## What the task asks
Could you repeat the listing below exactly while leaving its pictures behind?

## Information shown
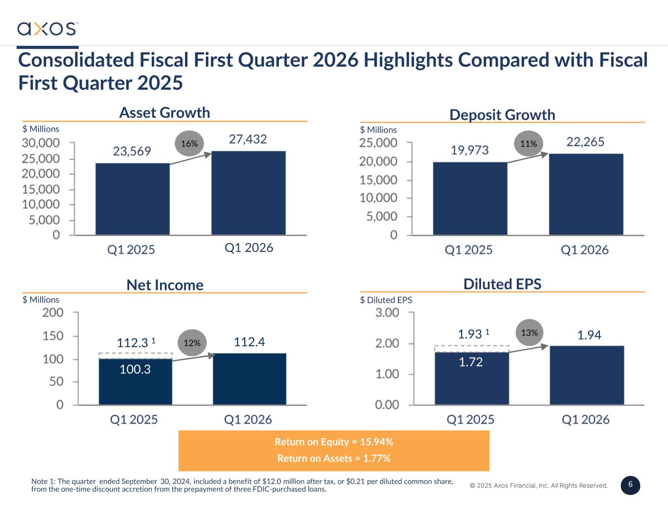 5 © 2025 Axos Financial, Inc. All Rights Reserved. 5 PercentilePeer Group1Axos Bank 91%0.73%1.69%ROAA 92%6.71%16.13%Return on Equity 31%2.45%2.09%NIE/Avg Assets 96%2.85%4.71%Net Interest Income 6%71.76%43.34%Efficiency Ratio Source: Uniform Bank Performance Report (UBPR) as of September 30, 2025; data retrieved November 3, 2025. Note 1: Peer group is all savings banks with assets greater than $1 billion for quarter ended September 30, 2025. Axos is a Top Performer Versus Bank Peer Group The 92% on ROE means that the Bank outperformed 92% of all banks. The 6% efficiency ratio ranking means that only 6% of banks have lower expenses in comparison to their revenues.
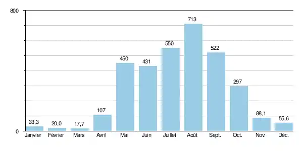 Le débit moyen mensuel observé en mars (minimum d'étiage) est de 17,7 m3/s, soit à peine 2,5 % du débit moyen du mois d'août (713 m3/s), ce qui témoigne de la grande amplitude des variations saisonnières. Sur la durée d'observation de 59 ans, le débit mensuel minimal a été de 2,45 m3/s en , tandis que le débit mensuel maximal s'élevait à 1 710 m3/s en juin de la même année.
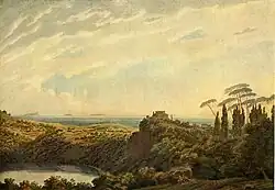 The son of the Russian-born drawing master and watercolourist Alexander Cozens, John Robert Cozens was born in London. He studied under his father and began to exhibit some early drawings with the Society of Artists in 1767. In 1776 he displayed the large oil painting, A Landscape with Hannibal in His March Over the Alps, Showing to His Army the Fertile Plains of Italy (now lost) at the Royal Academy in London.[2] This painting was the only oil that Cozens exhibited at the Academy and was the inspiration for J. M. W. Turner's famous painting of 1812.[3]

## Output below
 5 © 2025 Axos Financial, Inc. All Rights Reserved. 5 PercentilePeer Group1Axos Bank 91%0.73%1.69%ROAA 92%6.71%16.13%Return on Equity 31%2.45%2.09%NIE/Avg Assets 96%2.85%4.71%Net Interest Income 6%71.76%43.34%Efficiency Ratio Source: Uniform Bank Performance Report (UBPR) as of September 30, 2025; data retrieved November 3, 2025. Note 1: Peer group is all savings banks with assets greater than $1 billion for quarter ended September 30, 2025. Axos is a Top Performer Versus Bank Peer Group The 92% on ROE means that the Bank outperformed 92% of all banks. The 6% efficiency ratio ranking means that only 6% of banks have lower expenses in comparison to their revenues.
 Le débit moyen mensuel observé en mars (minimum d'étiage) est de 17,7 m3/s, soit à peine 2,5 % du débit moyen du mois d'août (713 m3/s), ce qui témoigne de la grande amplitude des variations saisonnières. Sur la durée d'observation de 59 ans, le débit mensuel minimal a été de 2,45 m3/s en , tandis que le débit mensuel maximal s'élevait à 1 710 m3/s en juin de la même année.
 The son of the Russian-born drawing master and watercolourist Alexander Cozens, John Robert Cozens was born in London. He studied under his father and began to exhibit some early drawings with the Society of Artists in 1767. In 1776 he displayed the large oil painting, A Landscape with Hannibal in His March Over the Alps, Showing to His Army the Fertile Plains of Italy (now lost) at the Royal Academy in London.[2] This painting was the only oil that Cozens exhibited at the Academy and was the inspiration for J. M. W. Turner's famous painting of 1812.[3]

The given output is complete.